Geography
- Location: Cranston & Burrillville, Rhode Island, United States

Organization
- Care system: Public
- Type: Specialist

Services
- Emergency department: No
- Beds: 495
- Speciality: Behavioral Health

History
- Opened: 1994

Links
- Website: bhddh.ri.gov/eleanor-slater-hospital
- Lists: Hospitals in Rhode Island

= Eleanor Slater Hospital =

The Eleanor Slater Hospital is Rhode Island's state psychiatric hospital with campuses at the John O. Pastore Center at 111 Howard Avenue in Cranston, Rhode Island and the Zambarano division at Wallum Lake in Burrillville, Rhode Island.

==History==
In 1994 "the three state hospitals operated by RI Department of Mental Health Retardation and Hospitals integrated into one hospital system; the Eleanor Slater Unified Hospital System (ESH).
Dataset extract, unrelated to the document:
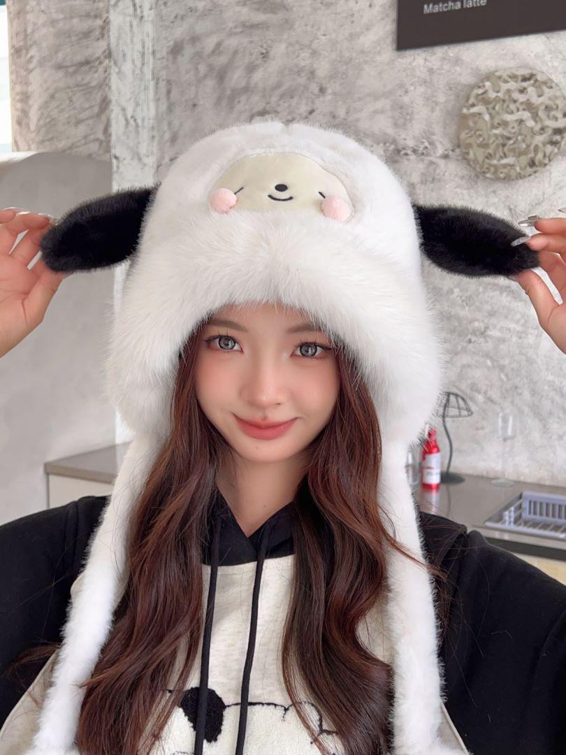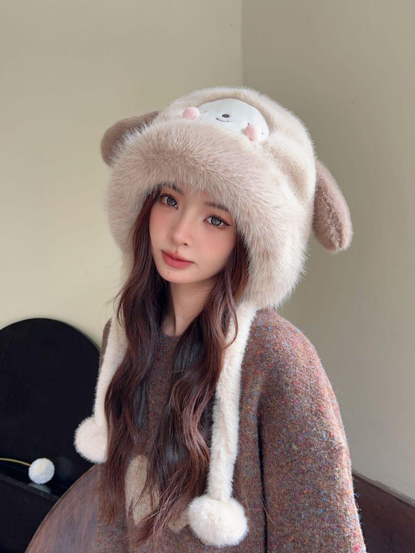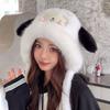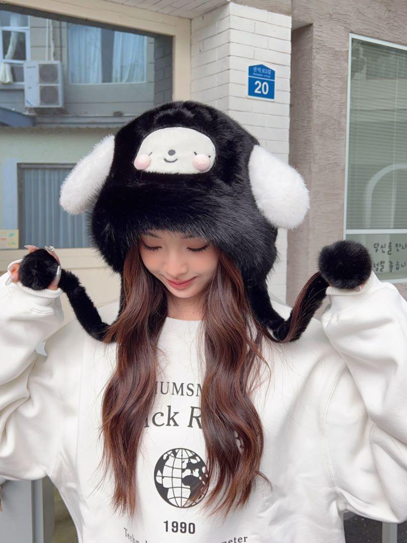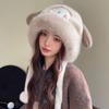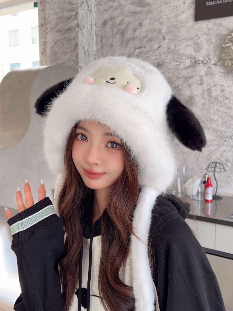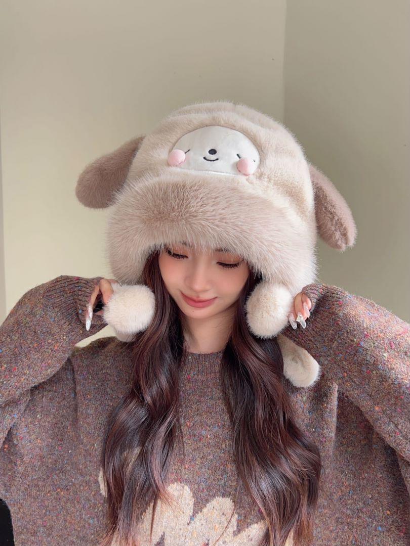 Gorro de peluche de cachorro lindo y versátil de estilo coreano para mujer, gorro Lei Feng grueso y cálido de otoño e invierno, gorro con protección para las orejas pequeñas y con aspecto de cara

The 495 bed public hospital consists of two campus locations: The Eleanor Slater Hospital at the John O. Pastore Center in Cranston, RI and the Eleanor Slater Hospital/Zambarano Unit in Burrillville, RI." The Zambarano Unit was founded in 1905 as a tuberculosis sanatorium. The Adolf Meyer building was completed in 1936 and was named after Adolf Meyer (psychiatrist) one of the first to take on occupational therapy. Eleanor Slater Hospital is named after a prominent Rhode Island Democratic Party supporter, "who had particular interests in housing, mental health, and the elderly. [Slater] died on March 11, [2006] at age 97."